=== DATA RECORDS ===
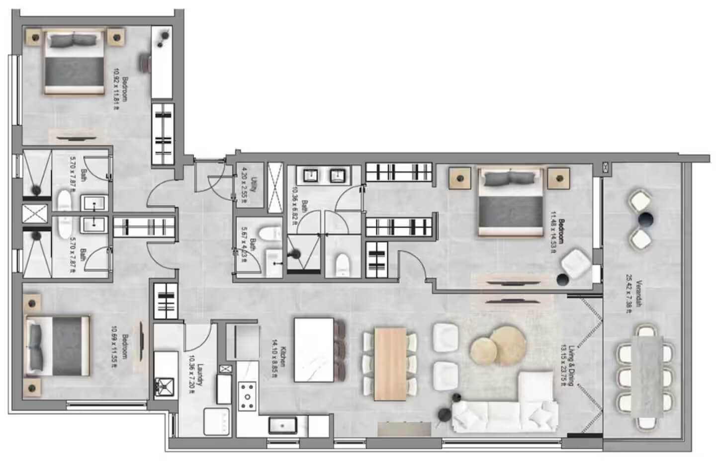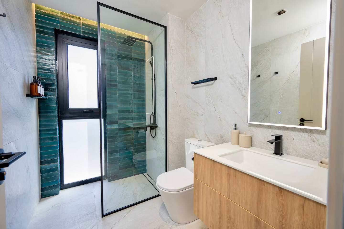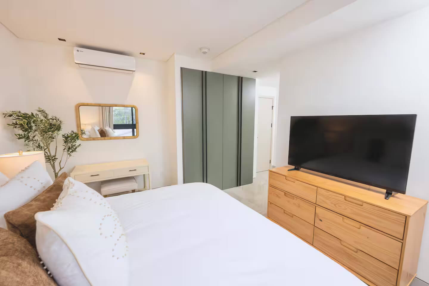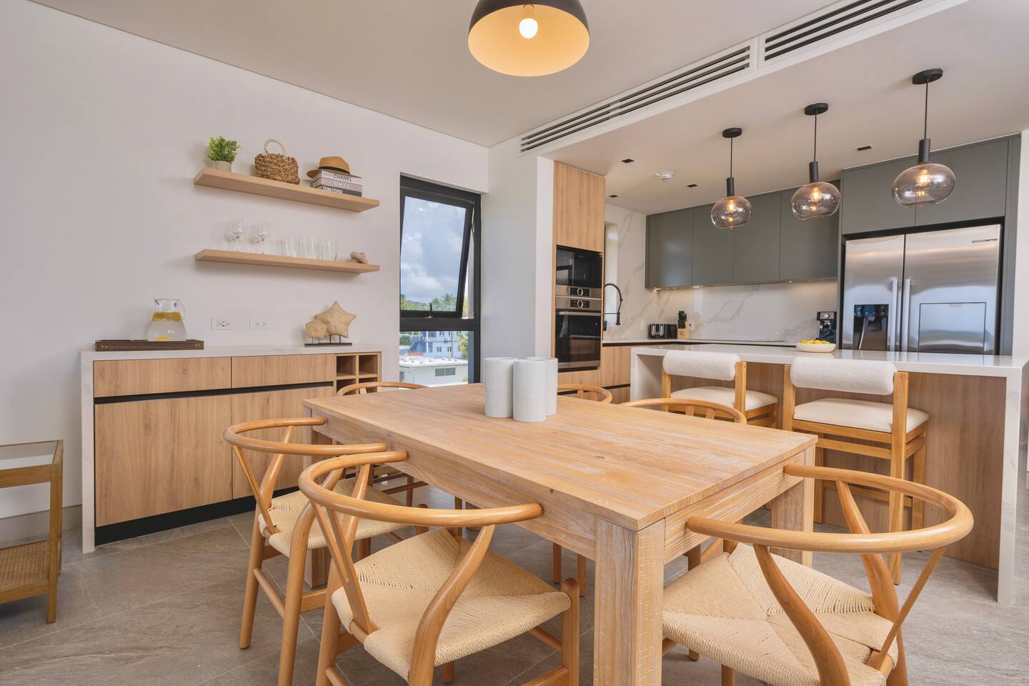 Inside, this three-bedroom, third-floor residence leans into a sleek modern design with clean lines, ocean-facing glass doors, and carefully selected finishes that feel both elevated and inviting. The open-plan kitchen and living area flow seamlessly onto the sea-facing terrace. At the same time, the master and guest bedrooms offer complete comfort, each with en-suite bathrooms, air conditioning, and ceiling fans for optimal airflow.
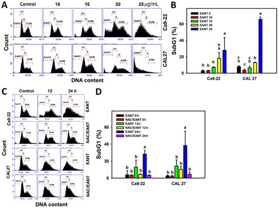 Cell cycle analysis. (A,B) Cell cycle patterns and statistical analysis for EANT treated oral cancer cells (CAL 27 and Ca9-22) over 24 h. (C,D) NAC (2 mM) pretreatment outcome to cell cycle patterns and statistical analysis in EANT treatments (0 and 25 μg/mL) for 12 and 24 h. Data (means ± SD, n = 3) with different letters on-top indicate significant differences for multiple comparisons (p < 0.05). One-way analysis of variance (ANOVA) with a post hoc test was applied to multiple comparisons. For example (Ca9-22 cells in Figure 2B), the EANT 0, EANT 10, EANT 15, and EANT 20 show “b and ba”, indicating nonsignificant differences between each other because they overlap with the same lowercase letter “b”. Similarly, the EANT 20 and EANT 25 show “ba” and “a”, indicating nonsignificant differences between each other because they overlap with the same lowercase letter “a”. In contrast, EANT 0, EANT 10, and EANT 15 show “b” and EANT 25 shows “a” indicating significant differences among each other because they do not overlap with the same lowercase letter.
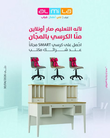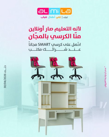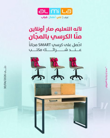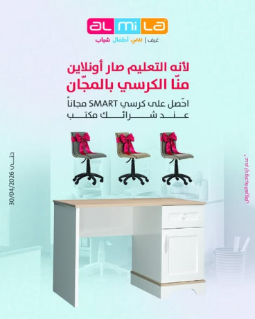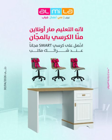 لأنه التعليم صار اونلاين📚 -منّا الكرسي بالمجان 💺🪑-احّصل على كرسي SMART مجاناً عند شرائك مكتب‼-🔴 عدم ازدواجية العروض- حتى 30/4/2026-——————-(١) #رام_الله - البيرة - شارع القدس الرئيسي 022405155 ( سندس للاطفال 3)-(٢) #البيره - شارع نابلس (سندس للاطفال 1)-(٣) #البيرة - بلازا مول (سندس للاطفال 2 )-(٤) #بيت_لحم - بيت جالا - شارع السهل - خلف المهد للصرافة 022776852-(٥) #نابلس - بيت ايبا الشارع الرئيسي - مقابل شركة العنبتاوي للاثاث - 022405155-(٦) #الخليل - حلحول - الشارع الرئيسي - بجانب مركز الشرطة - 022405155-(٧) داخل_الخط_الأخضر: طمرة المدخل الرئيسي بالقرب من مول طمرة - 046157111-(٨) داخل_الخط_الأخضر: باقة الغربية - 046151154-أو من خلال موقعنا الالكتروني www.almila.ps
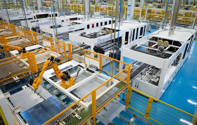 在自動(dòng)化生產(chǎn)方面,悅陽基地已全面應(yīng)用 5G 技術(shù)賦能生產(chǎn)流程。工廠擁有 11 條具備國際先進(jìn)水平的全自動(dòng)組件生產(chǎn)線,這些產(chǎn)線覆蓋了從電池片分選、焊接、疊層到層壓、裝框、測試等 20 項(xiàng)核心工序,累計(jì)部署 300 多臺(tái)智能裝備。這些智能裝備和生產(chǎn)線通過 5G 支持的工業(yè)互聯(lián)網(wǎng),實(shí)現(xiàn)了生產(chǎn)全流程的自動(dòng)化監(jiān)控和在線監(jiān)測,5G 技術(shù)的高可靠、超低時(shí)延等性能被充分利用,這不僅顯著提升了生產(chǎn)過程的穩(wěn)定性和產(chǎn)品良率,還降低了人工干預(yù)和潛在失誤,真正實(shí)現(xiàn)了從大規(guī)模標(biāo)準(zhǔn)化制造向大規(guī)模個(gè)性化“智”造的躍遷。
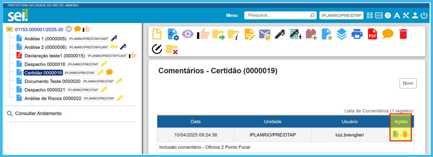 Para alterar ou excluir um comentário em um processo ou documento, clique no ícone
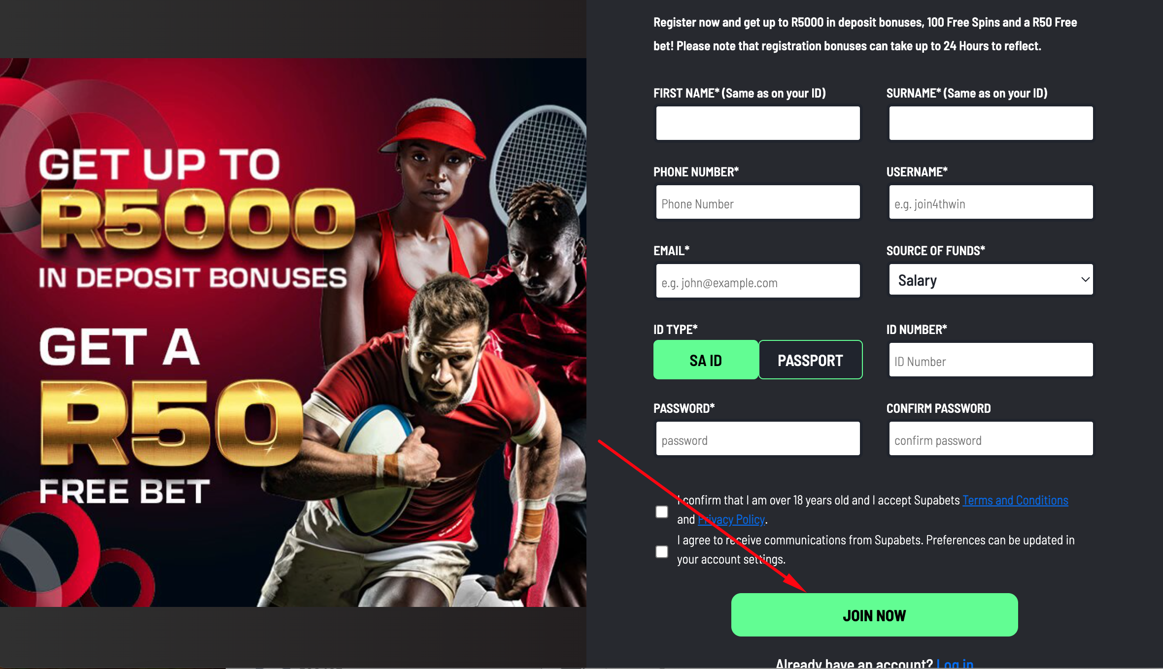 On your successful registration to Supabets, you will be offered a R50 sign up bonus. As this is a no deposit bonus, no deposit will be required to be made. Once you complete your Supabets registration, a R50 bonus will be credited to your bonus account. To withdraw this bonus, players who get the bonus should wager it 3 times at 2/1. The maximum amount you can receive from winnings of the bet placed using the R50 sign up bonus is R999.
===
# EXERCISE REQUIREMENTS
Exclude every picture and copy the remaining data exactly.

# YOUR RESPONSE
 Inside, this three-bedroom, third-floor residence leans into a sleek modern design with clean lines, ocean-facing glass doors, and carefully selected finishes that feel both elevated and inviting. The open-plan kitchen and living area flow seamlessly onto the sea-facing terrace. At the same time, the master and guest bedrooms offer complete comfort, each with en-suite bathrooms, air conditioning, and ceiling fans for optimal airflow.
 Cell cycle analysis. (A,B) Cell cycle patterns and statistical analysis for EANT treated oral cancer cells (CAL 27 and Ca9-22) over 24 h. (C,D) NAC (2 mM) pretreatment outcome to cell cycle patterns and statistical analysis in EANT treatments (0 and 25 μg/mL) for 12 and 24 h. Data (means ± SD, n = 3) with different letters on-top indicate significant differences for multiple comparisons (p < 0.05). One-way analysis of variance (ANOVA) with a post hoc test was applied to multiple comparisons. For example (Ca9-22 cells in Figure 2B), the EANT 0, EANT 10, EANT 15, and EANT 20 show “b and ba”, indicating nonsignificant differences between each other because they overlap with the same lowercase letter “b”. Similarly, the EANT 20 and EANT 25 show “ba” and “a”, indicating nonsignificant differences between each other because they overlap with the same lowercase letter “a”. In contrast, EANT 0, EANT 10, and EANT 15 show “b” and EANT 25 shows “a” indicating significant differences among each other because they do not overlap with the same lowercase letter.
 لأنه التعليم صار اونلاين📚 -منّا الكرسي بالمجان 💺🪑-احّصل على كرسي SMART مجاناً عند شرائك مكتب‼-🔴 عدم ازدواجية العروض- حتى 30/4/2026-——————-(١) #رام_الله - البيرة - شارع القدس الرئيسي 022405155 ( سندس للاطفال 3)-(٢) #البيره - شارع نابلس (سندس للاطفال 1)-(٣) #البيرة - بلازا مول (سندس للاطفال 2 )-(٤) #بيت_لحم - بيت جالا - شارع السهل - خلف المهد للصرافة 022776852-(٥) #نابلس - بيت ايبا الشارع الرئيسي - مقابل شركة العنبتاوي للاثاث - 022405155-(٦) #الخليل - حلحول - الشارع الرئيسي - بجانب مركز الشرطة - 022405155-(٧) داخل_الخط_الأخضر: طمرة المدخل الرئيسي بالقرب من مول طمرة - 046157111-(٨) داخل_الخط_الأخضر: باقة الغربية - 046151154-أو من خلال موقعنا الالكتروني www.almila.ps
 在自動(dòng)化生產(chǎn)方面,悅陽基地已全面應(yīng)用 5G 技術(shù)賦能生產(chǎn)流程。工廠擁有 11 條具備國際先進(jìn)水平的全自動(dòng)組件生產(chǎn)線,這些產(chǎn)線覆蓋了從電池片分選、焊接、疊層到層壓、裝框、測試等 20 項(xiàng)核心工序,累計(jì)部署 300 多臺(tái)智能裝備。這些智能裝備和生產(chǎn)線通過 5G 支持的工業(yè)互聯(lián)網(wǎng),實(shí)現(xiàn)了生產(chǎn)全流程的自動(dòng)化監(jiān)控和在線監(jiān)測,5G 技術(shù)的高可靠、超低時(shí)延等性能被充分利用,這不僅顯著提升了生產(chǎn)過程的穩(wěn)定性和產(chǎn)品良率,還降低了人工干預(yù)和潛在失誤,真正實(shí)現(xiàn)了從大規(guī)模標(biāo)準(zhǔn)化制造向大規(guī)模個(gè)性化“智”造的躍遷。
 Para alterar ou excluir um comentário em um processo ou documento, clique no ícone
 On your successful registration to Supabets, you will be offered a R50 sign up bonus. As this is a no deposit bonus, no deposit will be required to be made. Once you complete your Supabets registration, a R50 bonus will be credited to your bonus account. To withdraw this bonus, players who get the bonus should wager it 3 times at 2/1. The maximum amount you can receive from winnings of the bet placed using the R50 sign up bonus is R999.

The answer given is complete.